And adds, of the “ungainly phrases . . . ungainly expressions”: “I have not questioned them. They come from the deep uncertainty of my thinking.” Hilson, of the opening line of each stretcher, notes that each “‘sounded’ right . . . though mostly they were those imperfect forms of which Artaud speaks. They ‘bothered’ me as a ‘bewilderment of noise,’ a phrase turned over and over in my head.
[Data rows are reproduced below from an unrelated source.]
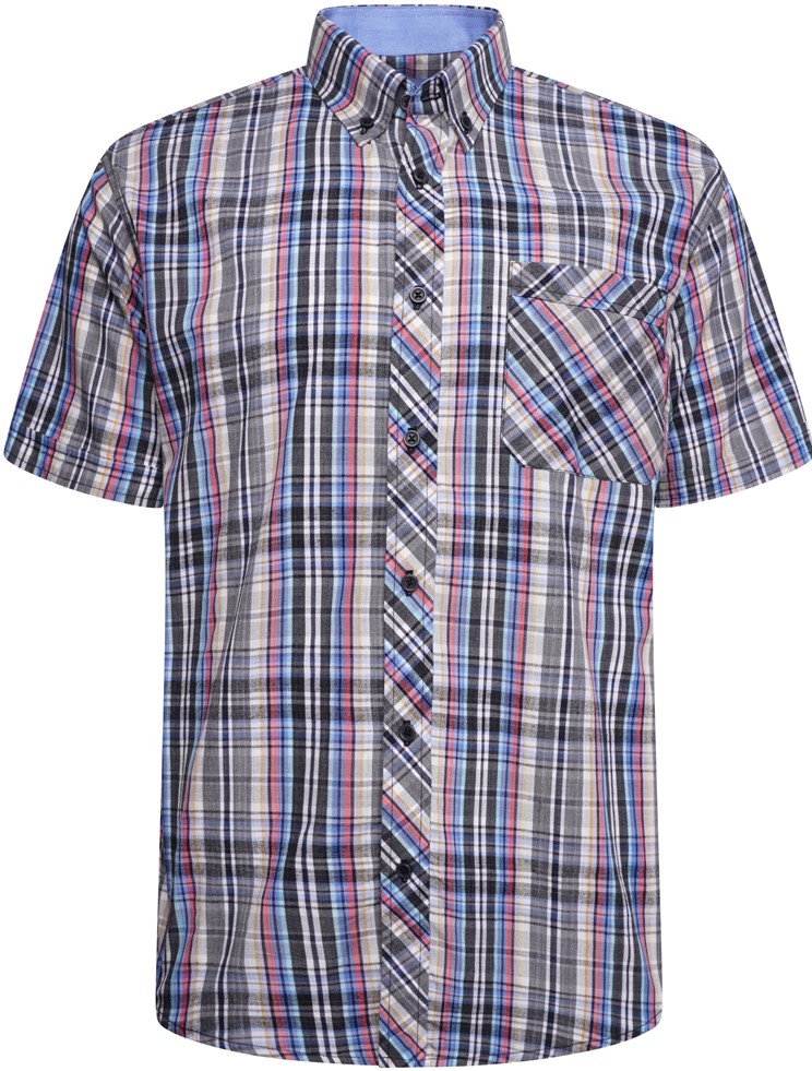 Dydžių vadovas - Kam Jeans 6313 Casual Check Short Sleeve Shirt Grey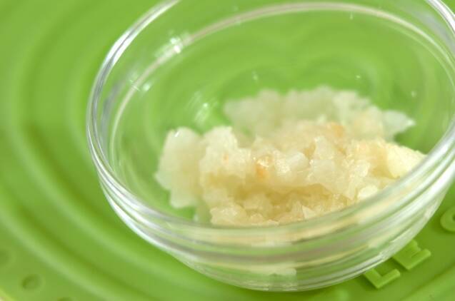 バンズは切れていない場合は、下1/3位の所を横に切る。<ハンバーグ>の玉ネギは細かめのみじん切りにし、フライパンに分量外のサラダ油少々を中火で熱して炒め、冷ましておく。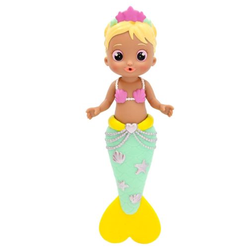 A kb. 22 cm magas, puha műanyagból készült sellőbaba tökéletes méretű a kis kezek számára. A játék nemcsak szórakoztató, hanem fejleszti a gyermekek finommotoros készségeit és serkenti a képzelőerejüket, miközben vidám szerepjátékokat játszanak a kádban vagy a medencében. Cora szőke hajával és sárga-zöld uszonyával egy igazán egyedi karakter.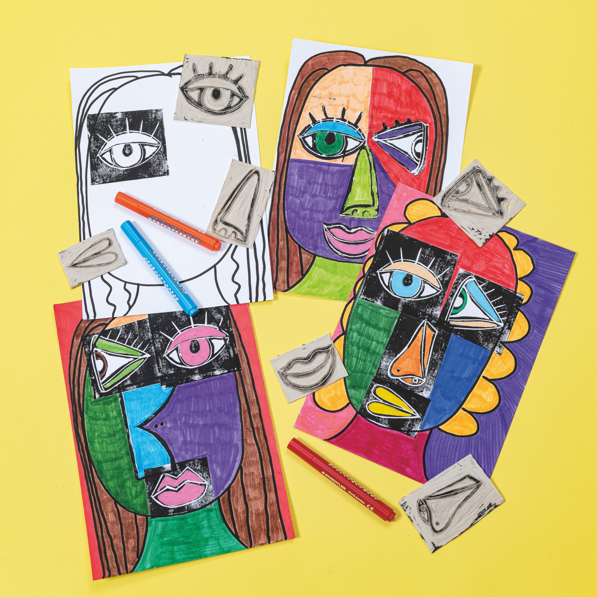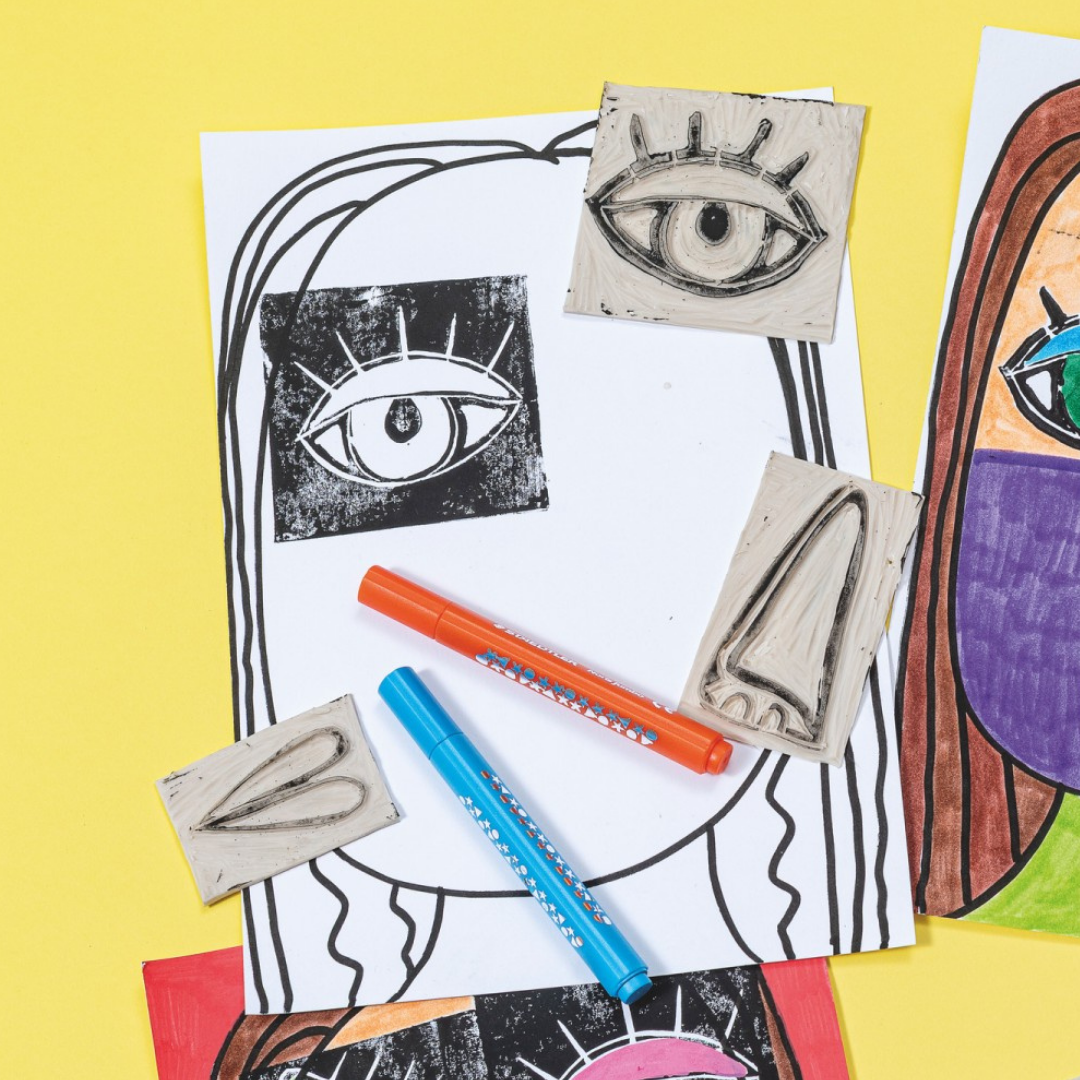 So verbinden die Kinder eine grafische Drucktechnik mit freier Farbgestaltung und entwickeln ein individuelles, kubistisch inspiriertes Porträt.

The writing down of the opening line momentarily stilled the noise, gave it some sort of clarity, though the necessity of deciding what to do immediately after getting it down made it impossible to dwell there for long.” A terrific descrying of the writing impulse, its doggish lock-jaw’d seizure and its demands and correspondences fit and “unfit.” Here’s the first of Hilson’s stretchers:
. . . the sawing man I fear for his legs
red white red white and he has years
this road they will dig it and widen the pave
tho it is not oxford street it is said
the rich must now walk on that side too
for graffiti there’s dogshit it’s a kind
of writing can be scried an inventory
taken of say colour consistency and
I won’t have this neighborhood
fears of a mass break-in nor pay
for inside when you can have sound
from over there (where was angry)
the phrase “phenomenological night”
and hedges such as do you know
what I mean the word hedge is new
and used everywhere by ladies like
albert ayler’s music for circus and
as in hedge-school and hedge-bird
and hedge-priest as in hedge-bantler
on the right or wrong side of the
hedge takes a sheet off the hedge or
is on the hedge regardless of others
the hedge-creeper he’s a creeper crept
into a hedge for the hedge-police
would catch him for his creeping and
the hedge of hawthorn was as a cloak
to hide the creeper gone aside from
the straight way the shifter and shuffler
his means of protection as in the dancers
bottom right of bosch’s garden their blind
owl-headed dance buried in a tusked bud
schal or schil rind and quarrel these
briars and brambles will protect you . . .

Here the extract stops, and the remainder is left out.